For Release: August 6, 2009
Washington, DC - The Commodity Futures Trading Commission (CFTC) announced today that it obtained more than $25 million in civil monetary penalties and equitable relief in orders against Safevest LLC, a firm located in Mission Viejo, Calif. and its owners and officers, Jon G. Ervin of Laguna Hills, Calif. and John V. Slye of Herndon, Va.
Judge James V. Selna, of the U.S. District Court for the District of California, Southern Division, issued separate orders requiring Safevest to pay a $5 million civil monetary penalty and Ervin and Slye each to pay a $1 million penalty. The orders also provide for equitable relief and require the defendants to pay restitution and disgorgement totaling $18,431,931. Additionally, the orders permanently ban all three defendants from trading in any commodity.
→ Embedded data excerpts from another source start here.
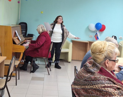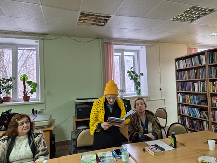 Заседание продолжила Музыкально-поэтическая эстафета «И я студентом был когда-то…». Дуэт «Две Ларисы» (автор музыки Лариса Лабутина и литератор Лариса Фомина) исполнил свою песню «Сегодня день рожденья у тебя!», обращённую к имениннице – члену клуба Татьяне Боженковой.
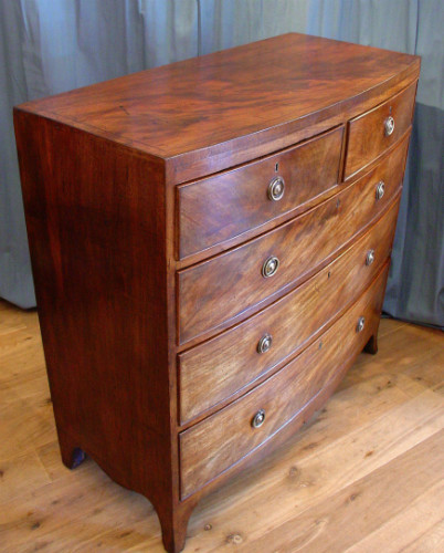 This is a late George III ( circa 1800) bow fronted chest of drawers in mahogany , very desirable model with the flush top and ebony string along the edge, nice pattined curl mahogany top with further ebony stringing, carcase is also decorated top and bottom with tulipwood banding .
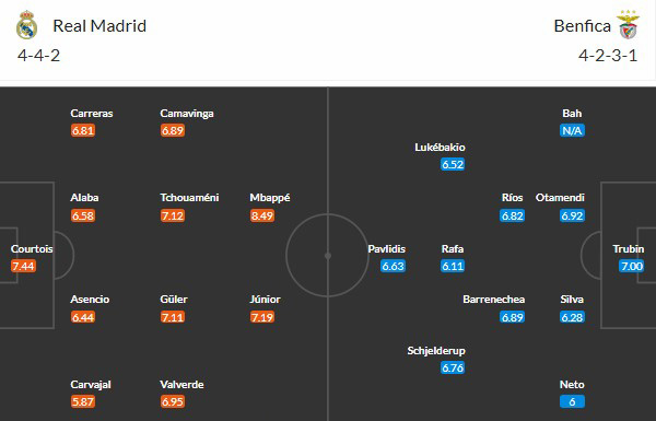 Đội hình dự kiến Real Madrid vs Benfica:
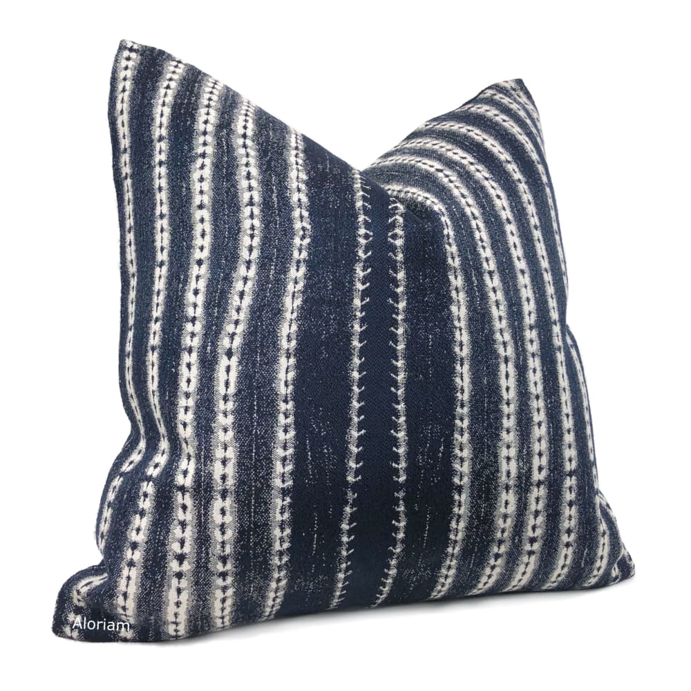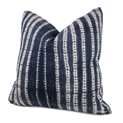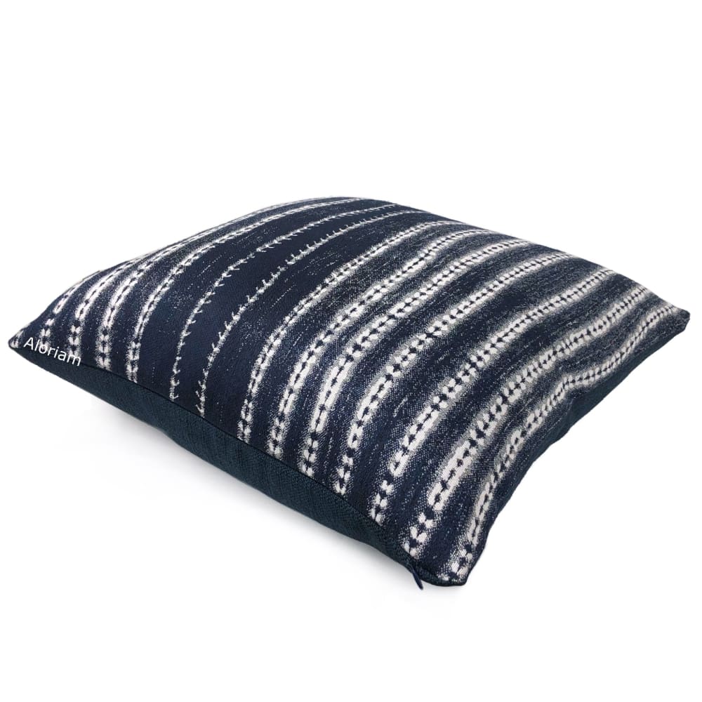 (CLEARANCE) Sebu Dark Navy Blue White Ikat Stripe Pillow Cover
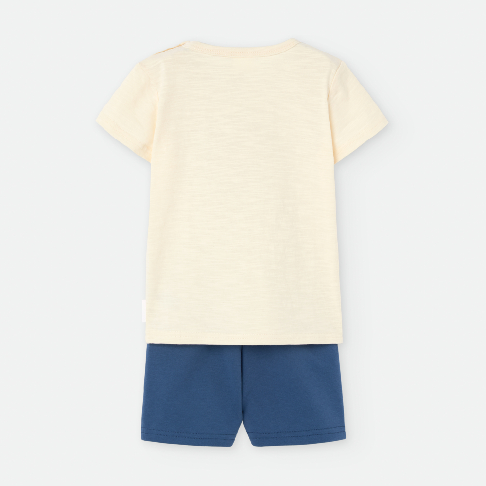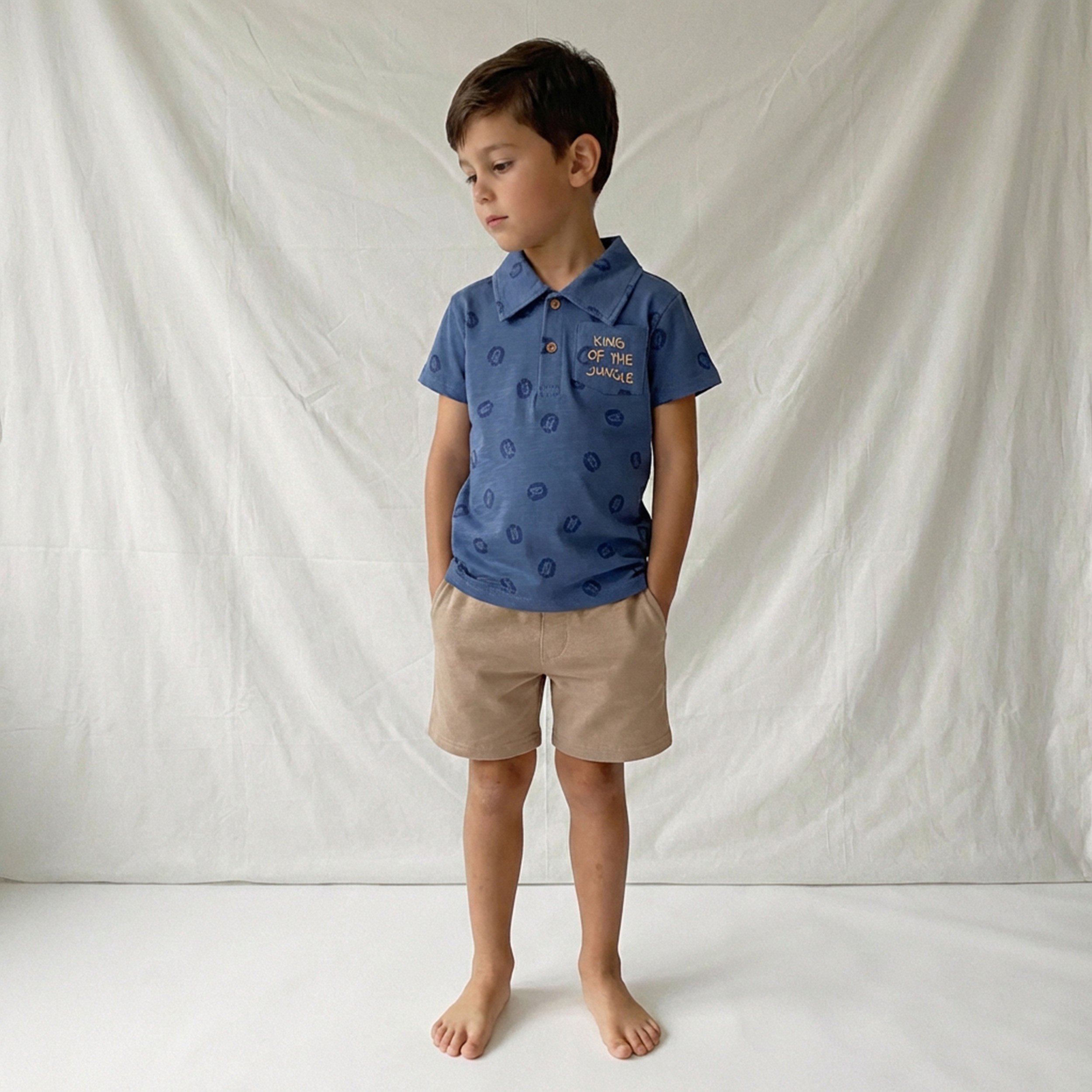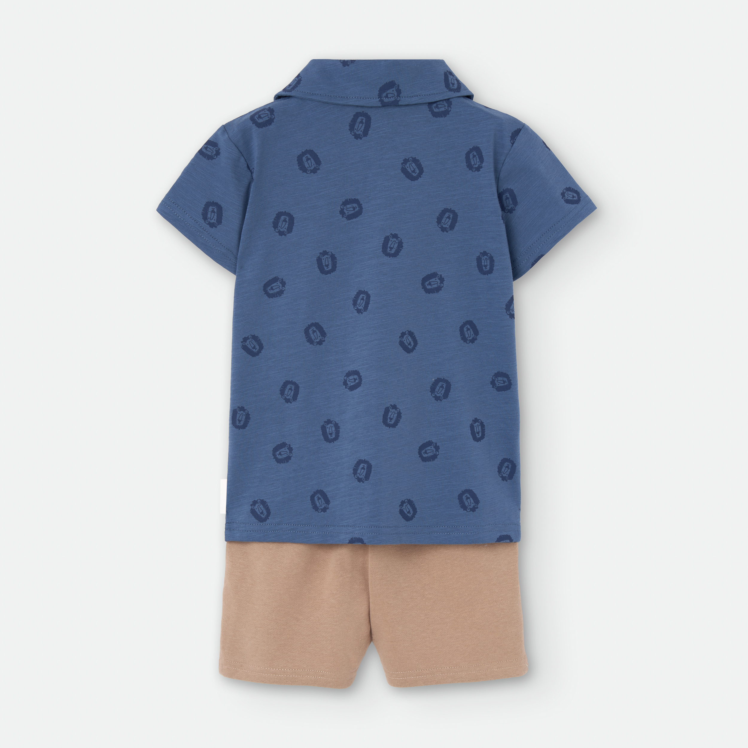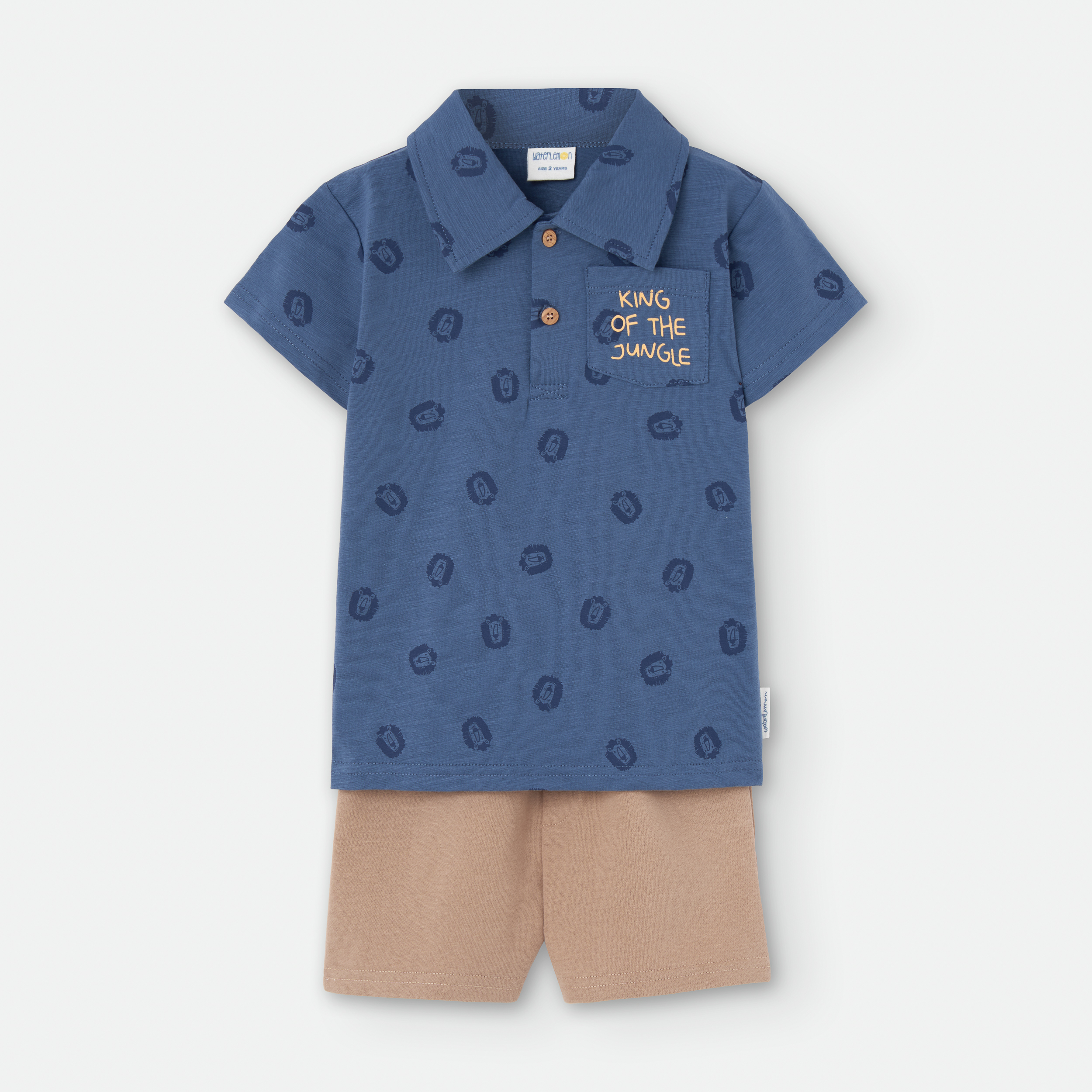«CONJUNTO DOS PIEZAS. CAMISETA TIPO POLO CON TAPETA, BOTONES Y BOLSILLO EN EL PECHO. ESTAMPADO DE LEONES SOBRE FONDO COLOR AZUL.
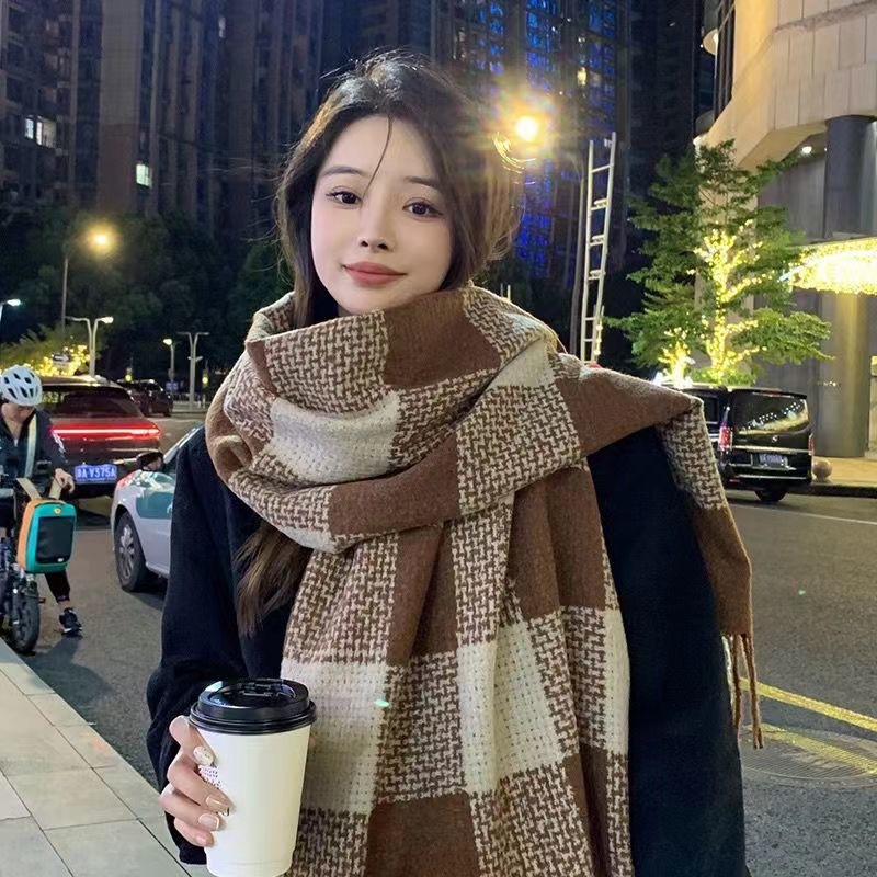 新しい秋冬千鳥格のマフラーの女性韓国版は厚くて保温しています。
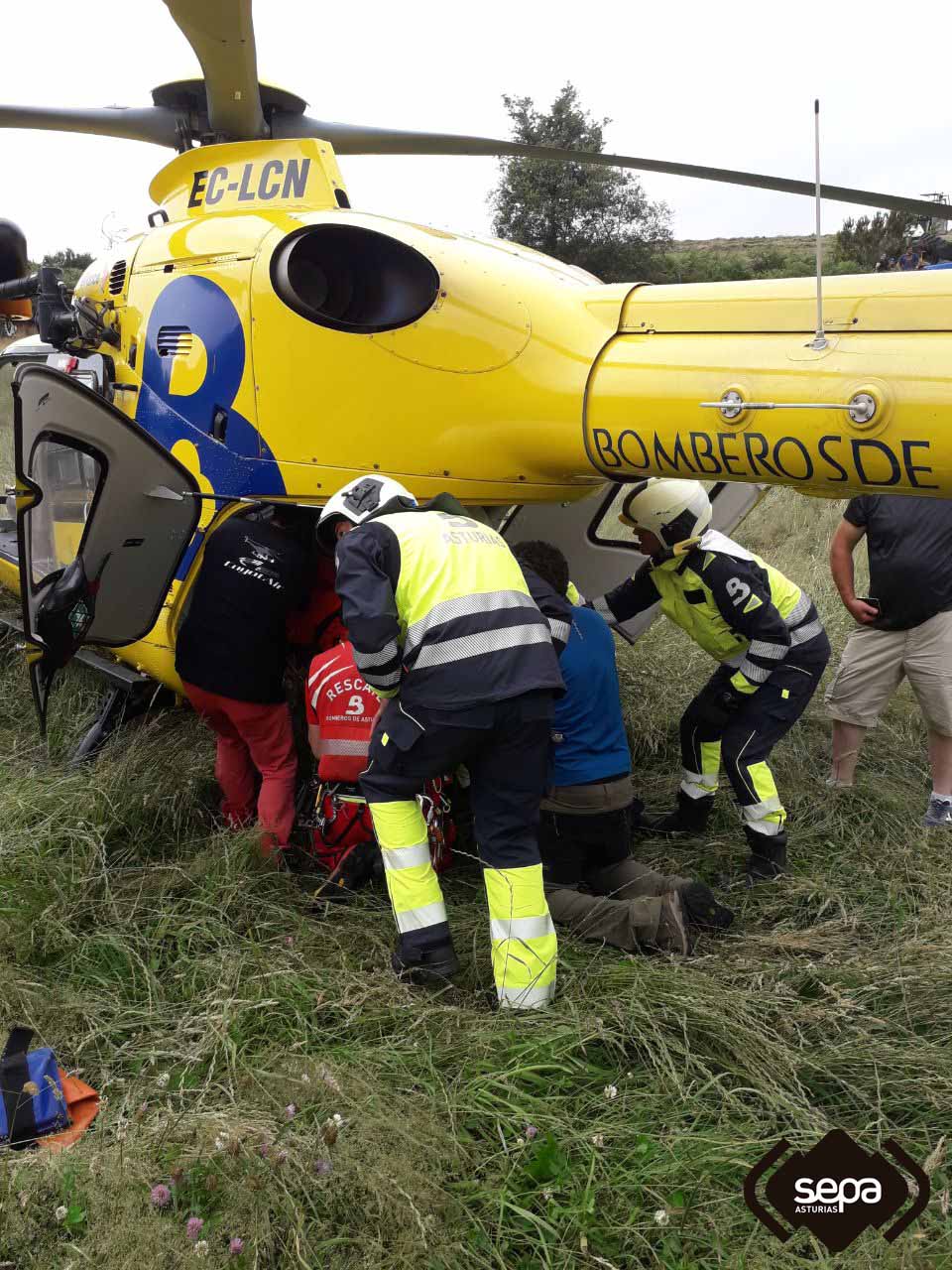El equipo de rescate continuó con la atención sanitaria del afectado, para a continuación pasarlo al colchón de vacío, para su posterior traslado al helicóptero y así iniciar su evacuación al HUCA. La sala del 112 del SEPA informó del suceso a la Guardia Civil y al Servicio de Atención Médica Urgente (SAMU) que activó la UVI Móvil, al médico y una ambulancia de la zona.
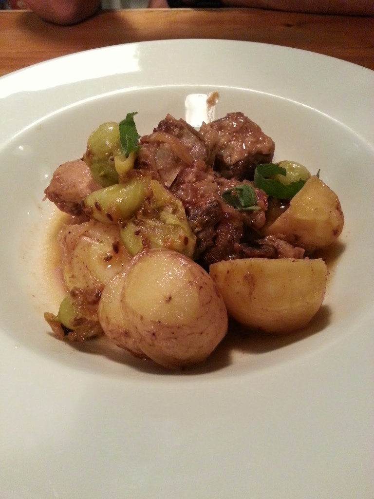 duszona jagnięcina (48,00) – miękkie, rozpływające się w ustach mięso podano z agrestem oraz młodymi ziemniakami. Prawdziwy domowy obiad:)
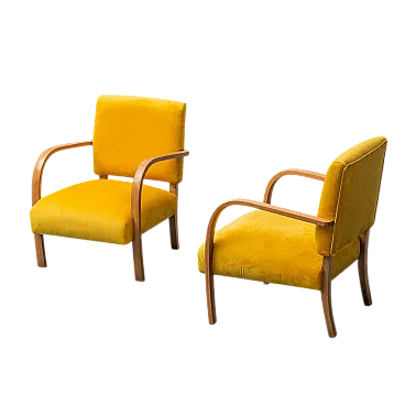 Pair of armchairs in yellow velvet and wood, 1950s 1
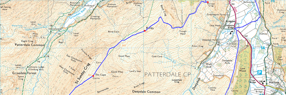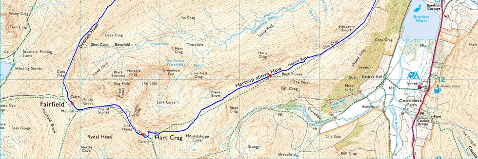 Patterdale - Arnison Crag - Trough Head - Birks - St Sunday Crag - Deepdale Hause - Cofa Pike - Fairfield - Hart Crag - Hartsop Above How - Deepdale Bridge - A592 – Patterdale |

The court’s orders stem from a May 1, 2008, CFTC complaint (see CFTC Press Release 5497-08, May 2, 2008). The orders find that the defendants solicited more than 500 members of the public to send Safevest more than $25.7 million to purchase interests in a commodity pool that purportedly would trade commodity futures contracts. The defendants, however, did not use the customer funds to trade commodity futures but instead misappropriated virtually all the solicited funds. The court also found that, to induce people to send funds, the defendants misrepresented that Safevest used computerized trading software that consistently produced daily profits of between 1.6 percent and 1.9 percent. In addition to telling customers that profits were virtually guaranteed, the court found, the defendants also falsely represented that there was minimal risk of loss.
The following CFTC Division of Enforcement staff members are responsible for this case: Peter M. Haas, Richard P. Foelber, Kyong J. Koh, Paul G. Hayeck and Joan Manley.